Under/Oversampling can be thought of as a case-control study. Viewing the spam/ham problem as a case-control design, we would fix the marginal distribution of ham to spam (via oversampling in this case) and the outcome of the study would be if the email subject line had the word "Viagra". Before oversampling, our estimate of $Pr(\mbox{spam})=\delta$ (its just the proportion of our sample which is spam). After oversampling, our estimate of $Pr(\mbox{spam})=\delta^\star >\delta$. This will be important later.

In most other studies, we would want to know $Pr(y=\mbox{spam} \vert x)$. This is referred to as the conditional distribution of spam (conditional on $x$ in this case). However, because of the sampling design fixing the marginal distribution of ham/spam, we can't estimate the conditional distribution of spam, but we can estimate the conditional distribution of $x$, $Pr(x \vert y=\mbox{spam})$.

In order to get the conditional distribution of spam, we would need to account for the prevalence of spam.
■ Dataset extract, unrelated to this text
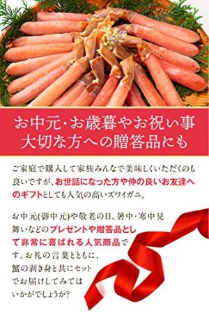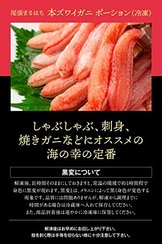 詳細: 多くの方に愛される海の幸「蟹」 海の幸の定番として多くの方に愛される「蟹」。蟹は、毛ガニ・タラバガニ・ズワイガニなど種類が豊富です。その中でも蟹身の量と味、共に太鼓判が押されるのがズワイガニです。そんなズワイガニは国内での流通も多いので、誰もがどこかで1度は味わった事のある蟹でしょう。 ズワイガニの旬は日本海では冬場ですが、北の海域では秋から春にかけて。西の海域では秋から冬にかけて。時期がずれているので美味しいズワイガニを求めて旅行に出かける人もいる程です。 さらに、海外で水揚げされたズワイガニも日本へ輸入されており、ここ数年、食する頻度は確実に増えてきています。 海の幸の中でも特にファンの多いタラバガニの足を、剥き身にしてお届けするのが尾張まるはちの「本ズワイガニ足生剥き身1kg」です。 大人も子どもも関係なく人気の蟹の足は、美味しいけれど剥くのが大変ですが、キレイに剥き身になっていればいくらあっても足りないくらいです。 料理の幅も広がる「剥き身本ズワイガニ」 蟹は和洋中どんな料理にも合うので料理するのも楽しくなります。 ・剥き身をそのままお鍋のメイン食材として ・コロッケやグラタンの具に使えばちょっとオシャレな食卓に ・チャーハンやスープに使えば育ち盛りの子どもも大満足 蟹が食卓に並べばみんなが笑顔になり、いつもの食卓が一気に華やぎます。 鮮度と旨味をしっかりと閉じ込めるために急速冷凍された状態で届きますので、自然解凍してから調理を始めてください。 冷凍では約1ヶ月、冷蔵では2日が保存期間となります。 お中元・お歳暮やお祝い事にも ご家庭で購入して家族みんなで美味しくいただくのも良いですが、お世話になった方や仲の良いお友達へのギフトとしても人気の高いズワイガニ。 お礼の言葉とともに、蟹の剥き身と共にセットでお届けしてみてはいかがでしょうか? 繊細で上品かつジューシーな食感を楽しむことができるズワイガニ。噛めば噛むほど旨味がどんどん増してきて本物の味を堪能できます。 焼いてよし、鍋でもよし、もちろんそのままでもお楽しみいただけます。 ぜひこの触感と旨味をご体験ください。
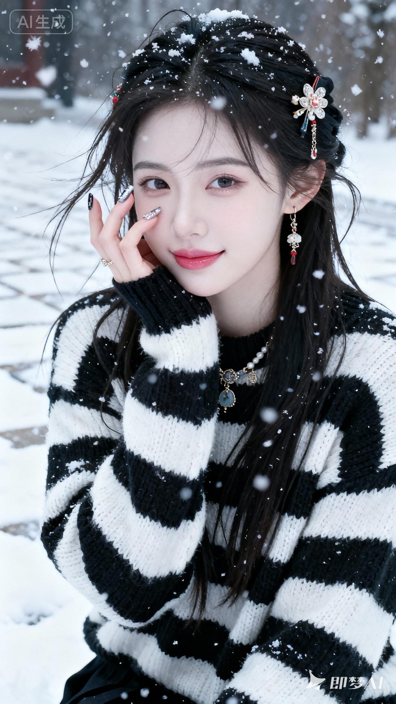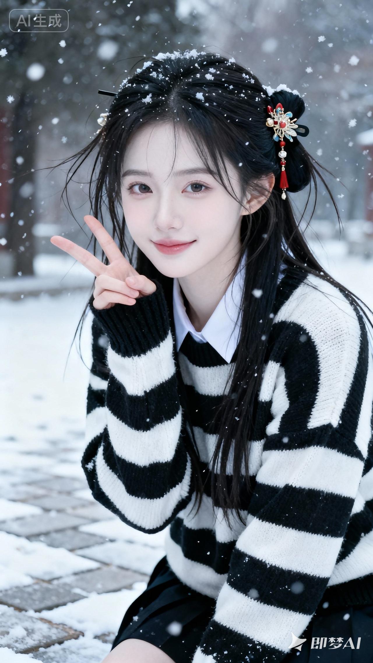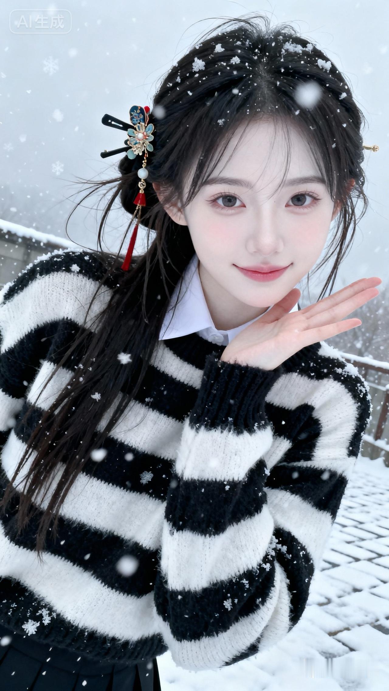 雪中赏松的雅人

Following Lachin from chapter 5 of his book Biostatistical Methods: The Assessment of Relative Risks, 2nd Edition and an application of Bayes' Rule, the conditional distribution of spam would be calculated as

$$Pr(\mbox{spam} \vert x) = \dfrac{Pr(x\vert \mbox{spam})\cdot \delta}{Pr(x \vert \mbox{spam}) \cdot \delta + Pr(x \vert \mbox{ham}) \cdot (1-\delta)}$$

Can you spot the problem now?

Here is the problem: the sampling design fixes the prevalence in our sample to be something else other than $\delta$. In essence, we have forced the prevalence to be $\delta^ \star > \delta$ via oversampling. Hence, any estimate of the risk of spam from the data we have using oversampling is biased precisely because the prevalence is biased by design.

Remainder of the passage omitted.